La méthodologie suivie par l'auteure était d'observer, dans un CDI, collègiens et lycéens dans leurs aventures connectées, et de les interroger, de façon aussi neutre que possible, sur ce qu'ielles en pensaient, sur leurs analyses de l'Internet. Il est important de ne pas juger. Par exemple, ceux et celles qui ont des difficultés avec les outils de l'Internet ont souvent du mal à en parler aux enseignant·e·s ou aux parents. Et d'autant plus que le discours sur les mythiques digital natives, ces jeunes qui sauraient absolument tout sur le numérique et n'auraient rien à apprendre à ce sujet, est très présent, y compris dans leurs têtes. Si une personne de 70 ans peut avouer « moi, ces machines modernes, je n'y comprends rien », un tel aveu est bien plus difficile à 11 ans, quand on est censé tout maitriser de l'Internet. Les expressions du genre « si j'avouais que je ne sais pas faire une recherche Google, ce serait la honte » reviennent souvent.

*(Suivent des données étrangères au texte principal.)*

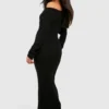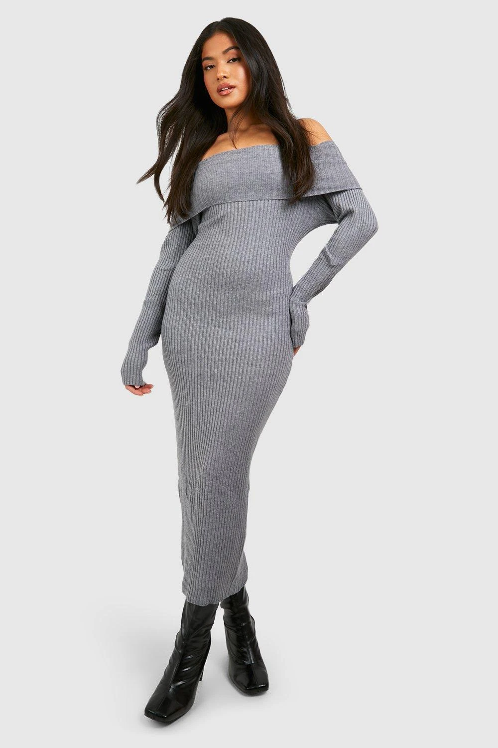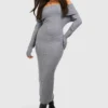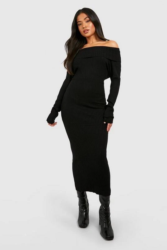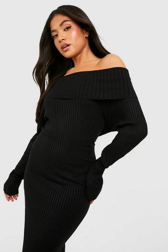 BOOHOO Petite Knitted Bardot Midaxi Dress

Alors, que font et disent ces jeunes ? D'abord, ielles sont divers, et il faut se méfier des généralisations. D'autant plus que l'auteure a travaillé avec des classes différentes, dans des établissements scolaires différents. La première chose qui m'a frappé a été le manque de littératie numérique (et je ne pense pas que ce se soit beaucoup amélioré depuis 2015). Oui, ils et elles savent se servir avec rapidité des équipements électroniques, et de certains logiciels (comme, aujourd'hui, WhatsApp). Mais cela n'implique pas de compréhension de ce qui se passe derrière, et cela conduit à des comportements stéréotypés, par exemple d'utiliser toujours le même moteur de recherche. Le livre contient beaucoup de déclarations des jeunes participant à l'étude, et, p. 215, l'auteure leur demande pourquoi avoir choisi le moteur de recherche de Google : « on n'a que ça à la maison ». Sans compter celles et ceux qui affirment bien fort que « Google, c'est le meilleur », avant d'admettre qu'ielles n'en connaissent pas d'autres. Là encore, ne rions pas d'eux et elles : bien des adultes ne sont pas plus avancés, même s'ielles sont à des postes importants dans le monde professionnel.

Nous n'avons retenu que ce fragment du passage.